Dataset excerpts

%%

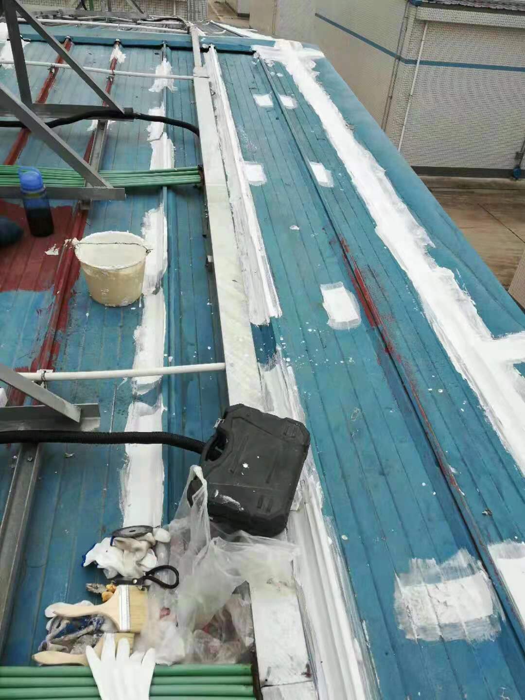 彩鋼瓦屋面防水湖南城工防水有限公司的工作員工在進行彩鋼瓦屋頂局部防水彩鋼瓦
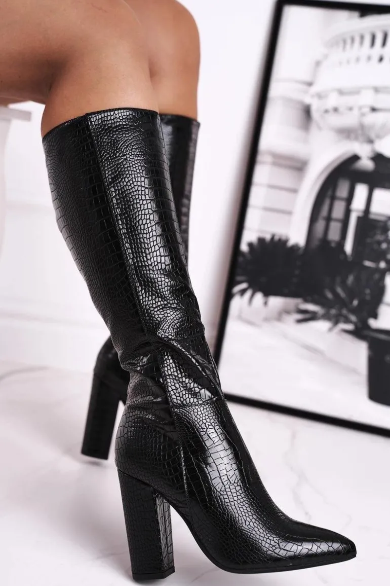 Kozaki Damskie Na Słupku Ocieplane Czarne Belvim
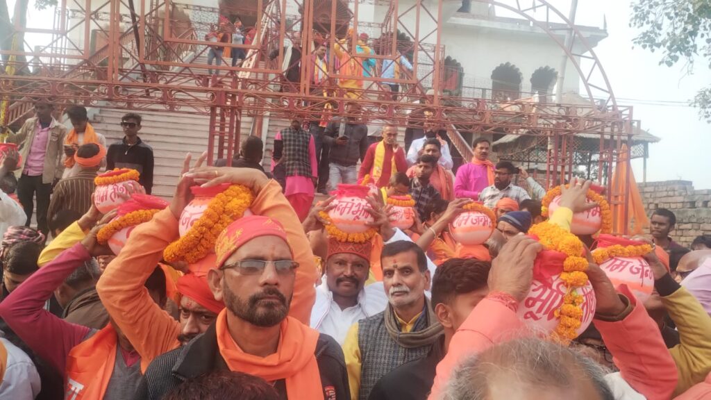श्री राम मंदिर से पूजित अक्षत कलश रामचौरा मंदिर हरिपुर से धूमधाम से पातेपुर लाया गया।
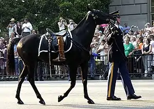 A riderless horse is a single horse without a rider and with boots reversed in the stirrups, which sometimes accompanies a funeral procession. The horse, sometimes caparisoned in black, follows the caisson carrying the casket.[1] A riderless horse can also be featured in parades (military, police or civilian) to symbolize either fallen soldiers, fallen police officers or deceased equestrian athletes.[2] A motorcycle can be used as a substitute for a horse though such practice is very rare.[3][4]
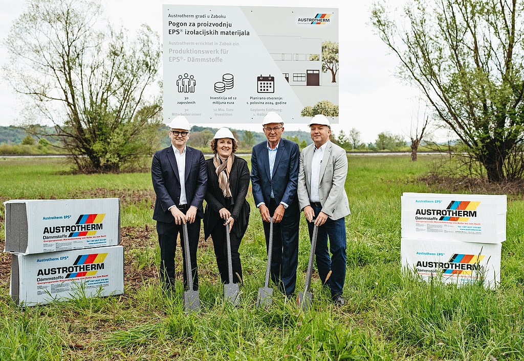 Austrotherm startet mit der Errichtung des ersten EPS-Dämmstoff-Werkes in Kroatien. In Zabok, 30 Kilometer nördlich von Zagreb, sollen künftig sowohl das weißes Austrotherm EPS als auch das noch besser dämmenden graue Austrotherm EPS-Plus hergestellt werden. AUch die Produktion von EPS-Formteile ist geplant. Produktions- und Lagerhallen sowie Büroräumlichkeiten werden rund 8.000 m2 umfassen. Die Investitionskosten für das Greenfield-Projekt belaufen sich aktuell auf rund zwölf Millionen Euro. Die Inbetriebnahme des Produktionsstandortes ist im ersten Halbjahr 2024 geplant. Austrotherm wird im kommenden Jahr in Kroatien 30 Mitarbeiter*innen beschäftigen.
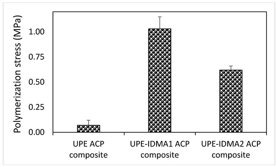 DVC results (Figure 9) revealed that in both copolymer and composite series, significant differences (p ≤ 0.001) existed between no IDMA, IDMA1, and IDMA2 formulations. The post-hoc multiple pair comparisons indicated that the observed up to 5% and 20% (copolymer and composite series, respectively) increases in DVC of IDMA-containing formulations are significant (p ≤ 0.001). It is noteworthy that the high DVC values (85.5–92.7%) attained in the experimental ACP UPE-IDMA composites were, generally, not accompanied with the excessive polymerization stress (Figure 10). Notably, in IDMA2 composites that reached the highest level of vinyl conversion, the measured polymerization stress was almost 40% lower than in IDMA1 composites.
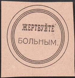 1917 1917(?) г. Одноцветная печать на плотной сероватой бумаге. В центре в круглой рамке из четырех концентрических окружностей диаметром 36 мм текст в две строки: «Жертвуйте больным».
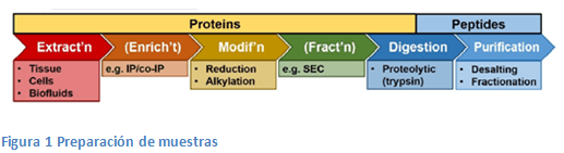 Primero, las muestras biológicas se preparan a través de un flujo de trabajo ascendente, en el que las proteínas se extraen de las células y se digieren enzimáticamente en péptidos. Los péptidos posteriormente se analizaran por LC-MS/MS.
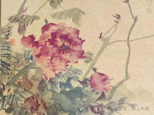 又有幸得陈玉圃先生工笔兼写意牡丹一帧,绘于板上,小品见大境,实为神品难得。古往今来,画牡丹者不可胜数,然多流于浓艳富贵,易入俗套,能画至陈玉圃先生这般境界与水平者,实属罕见。此作兼工带写,工处细腻精微、神韵毕现,写处洒脱灵动、意趣盎然。先生以清雅淡逸之笔,洗尽牡丹惯有的富贵脂粉气,独存文人格调与高洁风神,艳而不俗,雍容而有清气,真正做到形神兼备、笔简意远、小中见大。画作到手时已近装裱店下班,我仍驱车急往,恳请小黄老师连夜装框,只为尽早悬于案侧,日夜赏玩。欣喜之际,题记数语,配图发与亲友同赏,独乐不如众乐,雅趣愈浓。
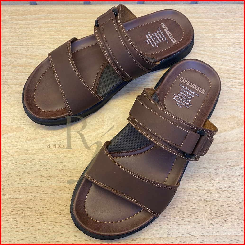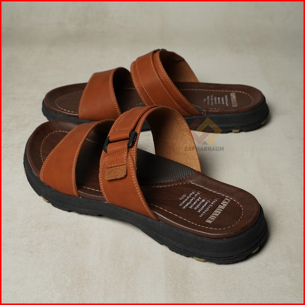 Capharnaum Rambo 201 Sendal Selop Ban 2 Kulit Gesper Sandal Slip On Kasual Pria Kulit Premium
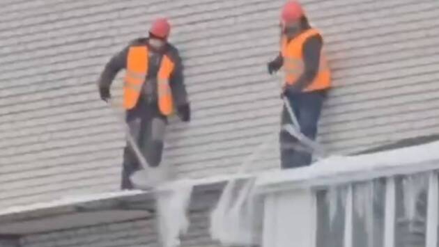 На видео показано, как двое коммунальщиков идут по крыше лоджии и по примыкающему к ней козырьку, держа в руках лопаты. Они счищают с поверхности снег, а также сбивают с крыши сосульки. Отмечается, что дворники перемещаются на уровне шестого этажа в расположенном на Новоизмайловском проспекте многоквартирного дома.
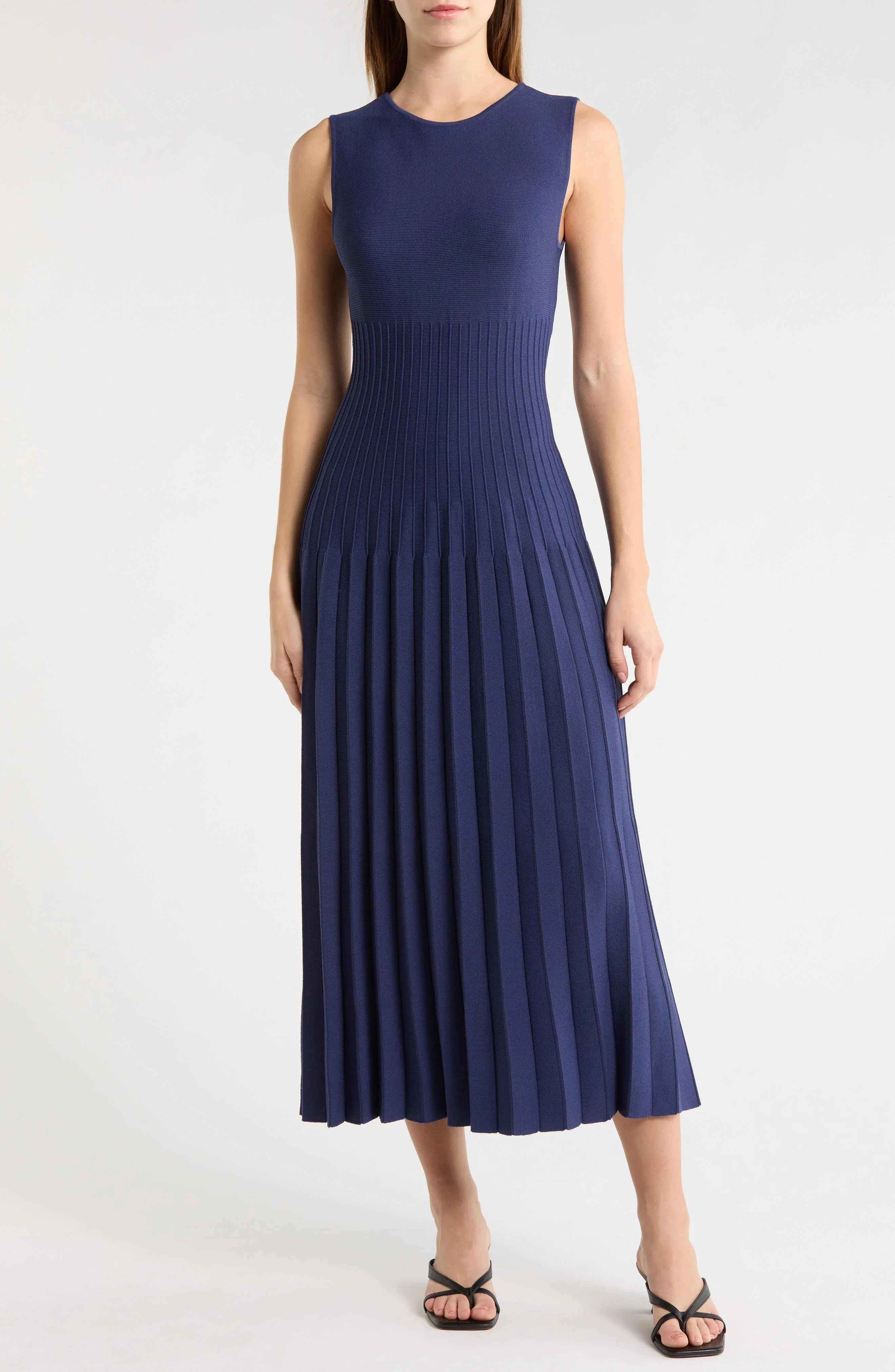 STAUD Elyse Pleated Sleeveless Knit Maxi Dress in Navy at Nordstrom
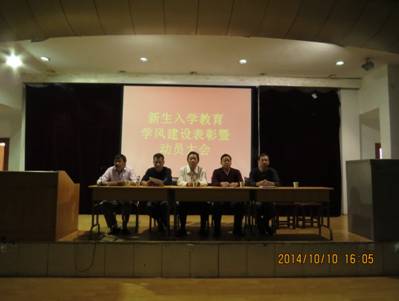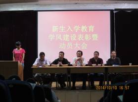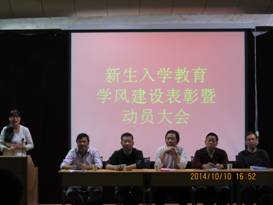 10月10日下午,我系在1号教学楼6楼报告厅召开了2013-2014学年学风建设表彰暨2014-2015学年学风建设动员大会。参加会议的有系主任赵临龙,党总支书记郭全寿,系副主任王昭海、汪义瑞,系学工办主任马新华,团总支书记张远秀,教学秘书师帅,省级教学能手王秋芬老师,2014级班主任武海辉、张永亮、王成以及2014级全体新生。会议由马新华主持。
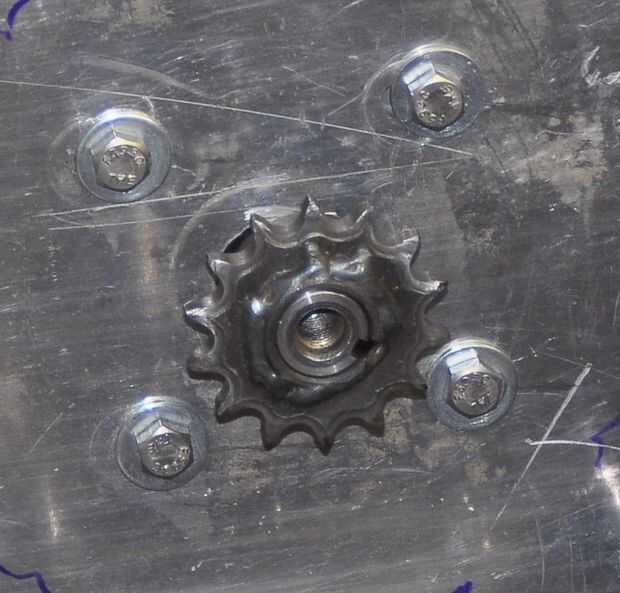 El piñón se desliza sobre el extremo del eje motor y es sostenido en lugar por un chavetero, llave cuadrada y tornillos de fijación.

%%

> _THE TASK_
Leave out the pictures and repeat exactly the lines from the one containing "又有幸得陈玉圃先生工笔兼写意" through the last line of the entries.

> _WRITTEN REPLY_
 又有幸得陈玉圃先生工笔兼写意牡丹一帧,绘于板上,小品见大境,实为神品难得。古往今来,画牡丹者不可胜数,然多流于浓艳富贵,易入俗套,能画至陈玉圃先生这般境界与水平者,实属罕见。此作兼工带写,工处细腻精微、神韵毕现,写处洒脱灵动、意趣盎然。先生以清雅淡逸之笔,洗尽牡丹惯有的富贵脂粉气,独存文人格调与高洁风神,艳而不俗,雍容而有清气,真正做到形神兼备、笔简意远、小中见大。画作到手时已近装裱店下班,我仍驱车急往,恳请小黄老师连夜装框,只为尽早悬于案侧,日夜赏玩。欣喜之际,题记数语,配图发与亲友同赏,独乐不如众乐,雅趣愈浓。
 Capharnaum Rambo 201 Sendal Selop Ban 2 Kulit Gesper Sandal Slip On Kasual Pria Kulit Premium
 На видео показано, как двое коммунальщиков идут по крыше лоджии и по примыкающему к ней козырьку, держа в руках лопаты. Они счищают с поверхности снег, а также сбивают с крыши сосульки. Отмечается, что дворники перемещаются на уровне шестого этажа в расположенном на Новоизмайловском проспекте многоквартирного дома.
 STAUD Elyse Pleated Sleeveless Knit Maxi Dress in Navy at Nordstrom
 10月10日下午,我系在1号教学楼6楼报告厅召开了2013-2014学年学风建设表彰暨2014-2015学年学风建设动员大会。参加会议的有系主任赵临龙,党总支书记郭全寿,系副主任王昭海、汪义瑞,系学工办主任马新华,团总支书记张远秀,教学秘书师帅,省级教学能手王秋芬老师,2014级班主任武海辉、张永亮、王成以及2014级全体新生。会议由马新华主持。
 El piñón se desliza sobre el extremo del eje motor y es sostenido en lugar por un chavetero, llave cuadrada y tornillos de fijación.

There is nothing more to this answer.